AIM: To study the effect of arterial hypertension on cognitive functions by evaluating the auditory event-related potentials (ERP) Р300 in men aged 60–74 years from the Arctic region of the Russian Federation with the special emphasis on men receiving antihypertensive therapy with controlled arterial hypertension and those who either do not take antihypertensive drugs or take them both regularly and irregularly without controlling blood pressure.

MATERIAL AND METHODS: The study included 64 men with arterial hypertension and 19 men without hypertension (n=19) in Arkhangelsk. Registration of the Р300 and N2 components was performed using the Neuron-Spektr-4/VPM electroencephalograph (Neurosoft, Russia), utilizing the oddball paradigm. Blood pressure (BP) was measured with an automatic tonometer A&D Medical UA-668 (Japan).

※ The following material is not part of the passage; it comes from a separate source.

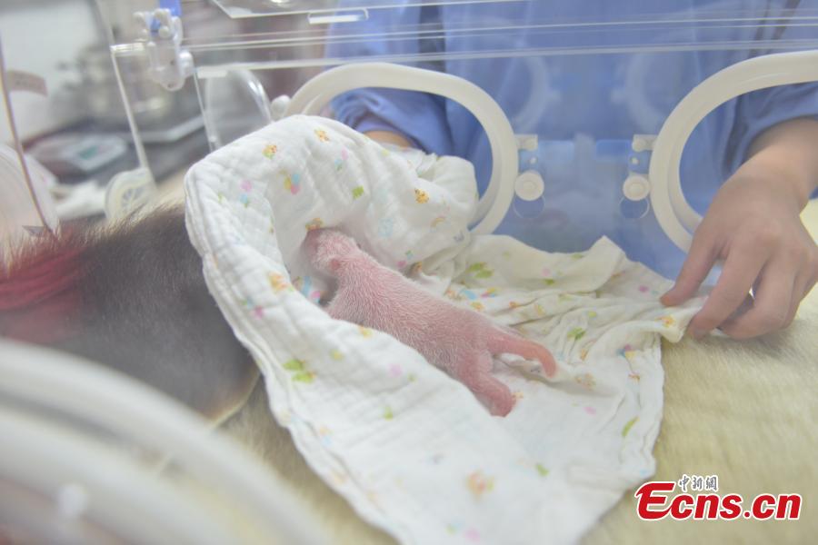 A panda cub, which weighs 200 grams, is being kept in an incubator in the Bifengxia Base of the China Conservation and Research Center for the Giant Panda in Ya’an, Southwest China’s Sichuan province, July 27, 2015. Thai-born panda "Lin Bing" gave birth to two cubs on Monday afternoon. (Photo: China News Service/Zhao Yan)

RESULTS: In men without arterial hypertension and in those with controlled arterial hypertension, where the median values of systolic blood pressure (SBP) and diastolic blood pressure (DBP) were within normal ranges, there were no differences in the latency (LT) of N2 and P300, nor in the magnitude of the P300 amplitude between these groups. In contrast, men who do not take antihypertensive drugs or receive antihypertensive therapy both regularly and irregularly without controlling their blood pressure, and who have SBP and DBP above normal values, showed an elongation of LT N2 in the parietal (P3), central (C3), and middle temporal (T3) sections on the left, and in the frontal section on the right (F4). There was also an elongation of LT P300 in the middle temporal region on the right (T4) and frontal regions on the right (F4), along with a decrease in the median values of the P300 amplitude in the anterior-temporal (F8, F7) parts of the brain. This indicates a deficit in attention, an increase in the time required for primary recognition and differentiation of signals, and a reduction in the speed of information processing and decision-making.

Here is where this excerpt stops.